Kennedy made no recorded response, perhaps because he dismissed the notion that he was personally vulnerable to Communist manipulation. Shortly after receiving Hoover’s memo, Kennedy left, on Feb. 1, 1962, for a monthlong good-will trip around the world.

Hoover welcomed the attorney general home on Feb. 27 with a dose of scandal so fantastic in those days that even the most credulous readers of supermarket tabloids would have dismissed it as lurid fantasy.

Mobster Connection

Hoover’s memo was the result of an investigation that had begun sometime earlier, when FBI agents in Las Vegas arrested private parties for placing illegal wiretaps on the home of singer Phyllis McGuire.

Preliminary development of the wiretap prosecution had shown that the wiretappers were in the employ of Robert Maheu, a former FBI agent working for Howard Hughes, and Sam (Momo) Giancana, Al Capone’s mobster heir in Chicago.

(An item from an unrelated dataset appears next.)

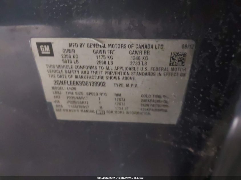 2013 CHEVROLET EQUINOX 2013 року Бензин, 2.4, Полный привод, vin - 2GNFLEEK8D6138902 из США
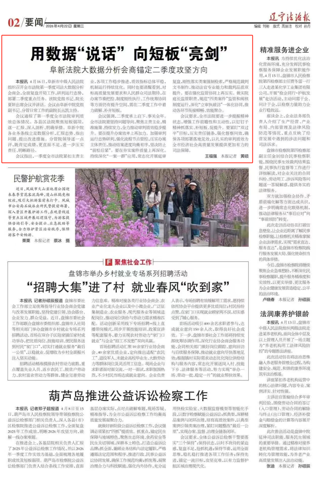 辽宁法治报头版!聚焦阜新法院这项工作

That much was good news to the entire Justice Department--Hoover loathed Maheu as a bureau renegade, and Kennedy had sought the conviction of Giancana almost as diligently as that of Jimmy Hoffa.

The first of the bad news was that Maheu and Giancana claimed immunity from prosecution on the grounds that their wiretap was sanctioned by the CIA. Officials from the CIA, in turn, had confirmed through gritted teeth that Maheu and Giancana indeed had been working for them in a series of top-secret attempts to assassinate Cuban Premier Fidel Castro by means of Giancana’s gangster connections.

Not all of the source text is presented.